Created attachment 1246112 [details] upstream patch Description of problem: The return value from the call to 'setreuid' is not checked. If an error occurs in 'setreuid', the following code may execute with unexpected privileges Version-Release number of selected component (if applicable): 3.3.3 - 3.4.1 Additional info: Located in common-src/krb5-security.c:393:5 This issue has been reported to upstream. Upstream fix is attached.
Note that the patch has been upstreamed in 3.4.2, which I have already built in rawhide.

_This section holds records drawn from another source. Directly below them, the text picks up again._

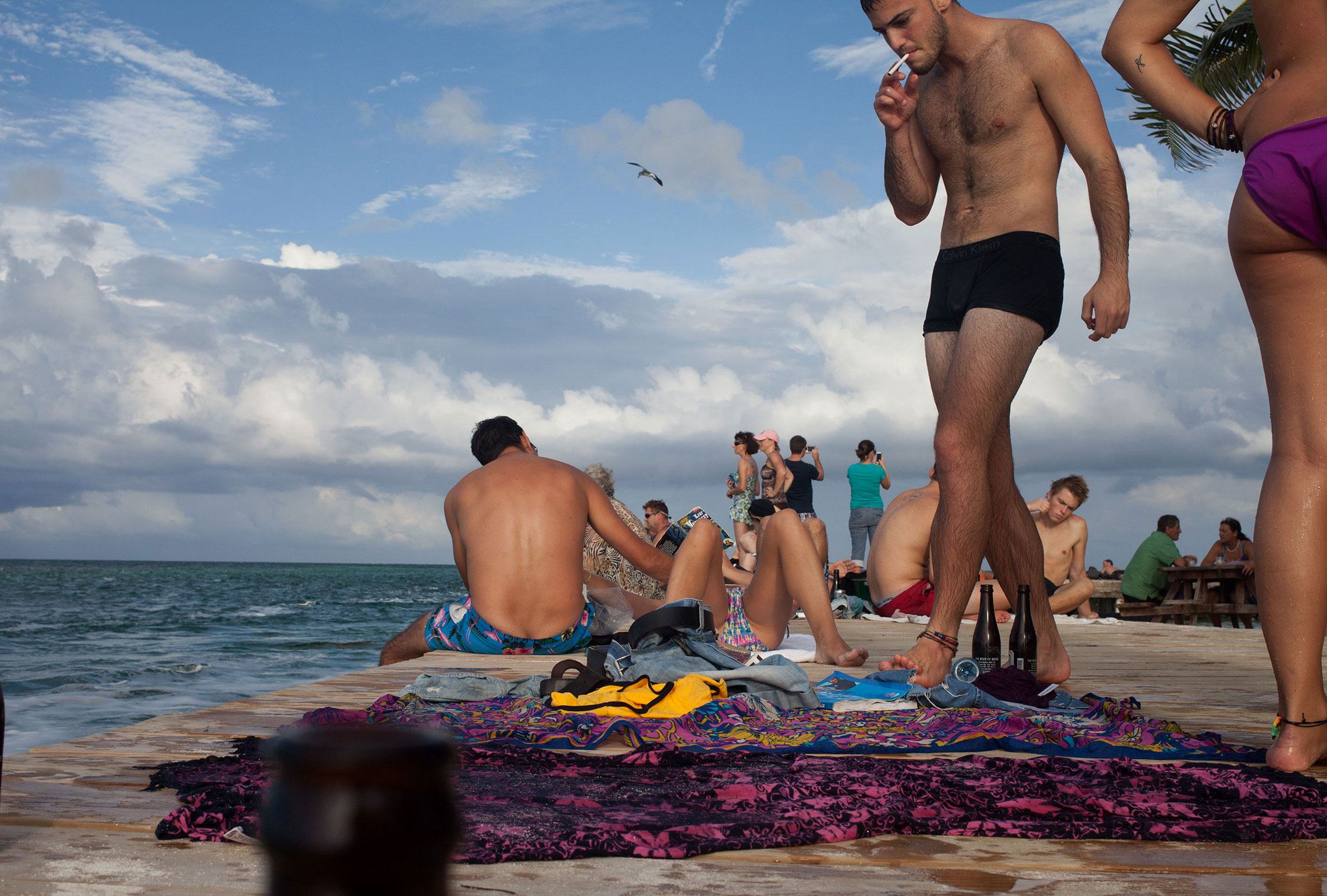 After our 45 minute water taxi ride to the Island we found ourselves blinking in the sunlight walking down a rough dock towards unpaved roads and brightly painted buildings- the tense feeling the city had given us started to fade. After dropping off our bags to the hotel we immediately made our way to what is know as ‘the split’ on the North end of the inhabited portion of Caye Caulker.
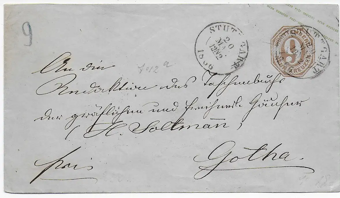 Württemberg: Brief aus Stuttgart nach Gotha 1886
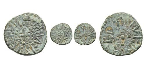Roman-style temple flanked by C-F (retrograde) / Bull butting to right, VER (retrograde) above, REX in exergue. VA 553-1; BMC 1538-41; ABC 1316; SCBC 152. 0.31gr, 8mm, 4h. Very Fine. Toned. Very rare. £80 - 100
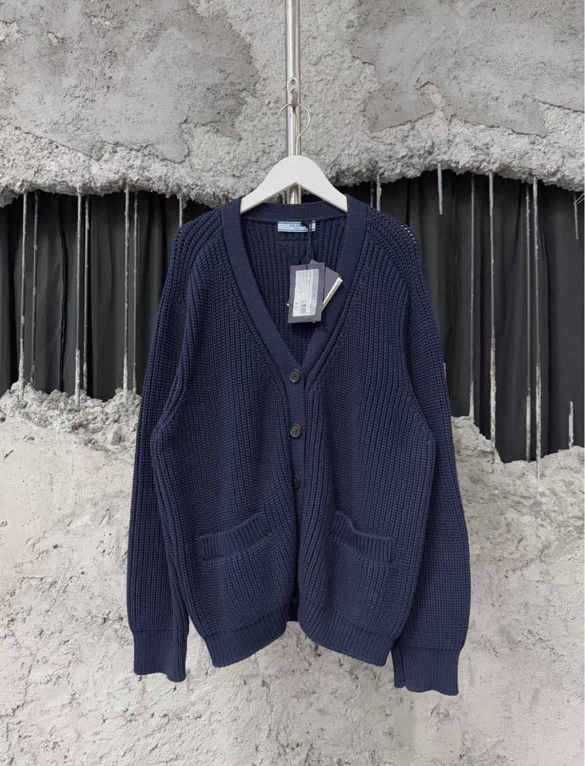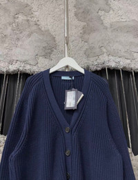Prada navy blue wool cardigan New with tags Size 38 Authenticity guaranteed. Every item is 100% genuine, carefully inspected, and exactly as shown in the photos. Extra inspection. Each item goes through a second inspection before shipping. Then we pack, ship and upload tracking. Shipping and delivery. Orders are shipped within 6 to 10 business days. Shipping worldwide via DHL, UPS, USPS, FedEx. Enjoy the style, enjoy the experience, and thank you for shopping with Devines.
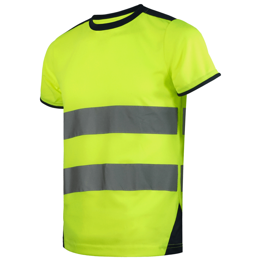 Camiseta en poliéster micropiqué combinado de alta visibilidad.

amanda-3.4.2-1.fc25 has been submitted as an update to Fedora 25. https://bodhi.fedoraproject.org/updates/FEDORA-2017-ec1e93b61f
amanda-3.4.2-1.fc24 has been submitted as an update to Fedora 24. https://bodhi.fedoraproject.org/updates/FEDORA-2017-5fcf946acc
amanda-3.4.2-1.fc24 has been pushed to the Fedora 24 testing repository. If problems still persist, please make note of it in this bug report. See https://fedoraproject.org/wiki/QA:Updates_Testing for instructions on how to install test updates. You can provide feedback for this update here: https://bodhi.fedoraproject.org/updates/FEDORA-2017-5fcf946acc
amanda-3.4.2-1.fc25 has been pushed to the Fedora 25 testing repository. If problems still persist, please make note of it in this bug report. See https://fedoraproject.org/wiki/QA:Updates_Testing for instructions on how to install test updates. You can provide feedback for this update here: https://bodhi.fedoraproject.org/updates/FEDORA-2017-ec1e93b61f
amanda-3.4.2-1.fc24 has been pushed to the Fedora 24 stable repository. If problems still persist, please make note of it in this bug report.
amanda-3.4.2-1.fc25 has been pushed to the Fedora 25 stable repository. If problems still persist, please make note of it in this bug report.